We are of course delighted that Thunder has bounced back from whatever it was that afflicted him yesterday. Our vet is carefully guiding us through the possible implications of the physical signs and his behavioral changes. If and when a cause is found we will treat him accordingly. However Thunder is somewhere around twelve years old. That's a pretty good age for a Malamute, and although we hope to have him in our daily lives for many more years yet, the Benny initiative is driven by the sure knowledge that the time will come, likely sooner rather than later, for him to leave us all behind.

That will be a heart breaker, not just for us, but, as this morning's happy reconciliation scene shows, also for Nico.

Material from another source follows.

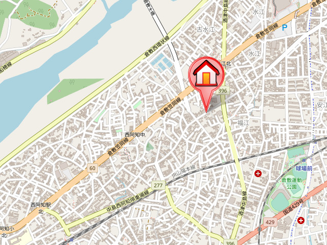 JR山陽本線「倉敷駅」徒歩36分 水島本線「球場前駅」徒歩16分 JR山陽本線「倉敷駅」徒歩分 |

So we continue to work at the Benny integration project. Our success there is tinged with just a undertone of regret at the necessity. But Benny is very steady, sensible puppy, and well on his way becoming a smart, well adjusted, thinking dog. Even if we were not anticipating needing another dog to become Nico's outdoor companion, he would be a fine addition to our lives. He brings us much delight and happiness. He has compelled Nico to a maturity and controlled way of being with other dogs he could not have attained any other way. All three of our boys are teaching us more about dog-dog relationships than any behavioral dissertation or training manual could ever describe.

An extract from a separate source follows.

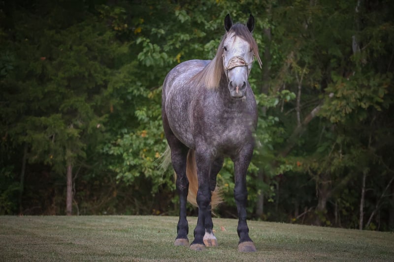ONLINE AUCTION Place your bids at www.PlatinumEquineAuction.com Starting Bid $3500 Auction ends October 6th, 2024 Need a new saddle? Check out White Rock Saddles on our website or Facebook! This is “Austin”, A GREAT MINDED, PROFESSIONALLY TRAINED, and GENTLE DAPPLE GRAY PERCHERON QUARTER HORSE CROSSBRED GELDING. This gelding is broke to ride and drive. He stands 16.3 hands tall and is 5 years old. This gelding is a gorgeous steel gray with big dapples all over him. He has been used for ranch work and is handy, athletic, responsive, and obedient. He will sit down and turn around, stop easily on whoa, back up for ANY distance, and he moves off of leg and seat cues. This gelding stands to harness, hitch, tack, mount, and groom. He has excellent ground manners, he is not spooky, and he is traffic safe. He will lope and jog nice circles, he catches his leads, and will one step lope. He rides and drives collected, calm, and cool. He has been on cross country wagon rides and will go through the deep water quietly and he will go up and down the steep hills relaxed. He won’t go any faster than you ask of him and he is not chargy. He is patient, kind, and willing. He will ride out alone with no problems and also rides in a large group. He has been on camping trips at state parks and will stand tied overnight. He is everything you want all in one package. He has the size, the build, the look, the color, the brains, the ability, the training, and the attitude that will make you happy. He is good with all other horses and unloads in new surroundings quietly. He is fun to ride, easy to drive, and has a head full of sense. Located in Flemingsburg, KY. Contact HH Horses Erin 304-238-4155. ONLINE AUCTION Place your bids at www.PlatinumEquineAuction.com Starting Bid $3500 Auction ends October 6th, 2024 Need a new saddle? Check out White Rock Saddles on our website or Facebook!

Necessity drives change; but change is a chance to learn and to grow. As always, our dogs lead the way.  Rick and I were sitting at the table the other day and one of us said, “How do I love thee?” And we answered as one, “Let me count the dogs.” Benny could not have come too soon because he is a great dog in his own right. We hope to be counting our love by way of three dogs for many days and nights to come, but yesterday's experience affirmed for us that we should not have waited any longer before bring another dog home.  We cannot help but be grateful to the dog-gods for sending us Benny with his particular strengths of character and personality to keep our pack whole.  

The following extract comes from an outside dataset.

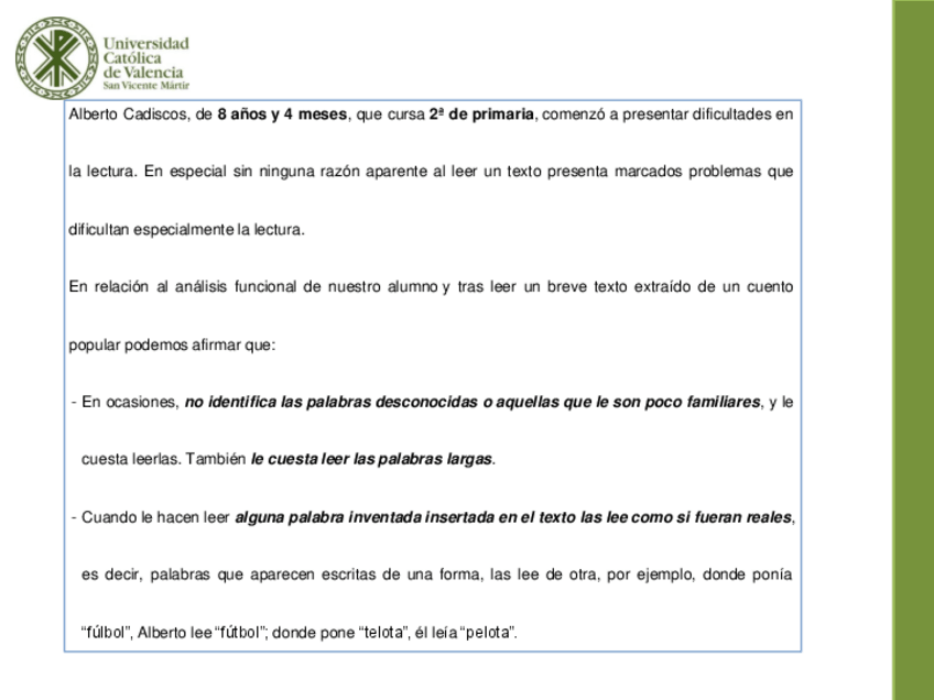 He publicado nuevos ejercicios de 4º Intervención educativa en dificultades específicas de aprendizaje: Actividad-2.-Caso-Dislexia.pdf

As for Thunder he was, is and always will be the love of my life.  Last night he slept near me: we kept him in so I could watch for trouble. He lay quietly beside me,  his breath coming easy now, his big chest moving up and down in its normal, easy ryhthm, and I told him

How do I love thee? Let me count the ways.
I love thee to the depth and breadth and height
My soul can reach, when feeling out of sight
For the ends of Being and ideal Grace.
I love thee to the level of everyday's
Most quiet need, by sun and candle-light.
I love thee freely, as men strive for Right;
I love thee purely, as they turn from Praise.
I love thee with a passion put to use
In my old griefs, and with my childhood's faith.
I love thee with a love I seemed to lose
With my lost saints, -- I love thee with the breath,
Smiles, tears, of all my life! -- and, if God choose,
I shall but love thee better after death.*

These lines are Elizabeth Barrett Browning's, who also loved dogs. Even though she penned this sonnet to a man, I'm sure she knew such pure commitment of heart could only be met in kind by a dog.

Thunder in his prime. Me too, broken wrist not withstanding.


(*Sonnet, "How do I love thee," Elizabeth Barrett Browning, text in public domain.)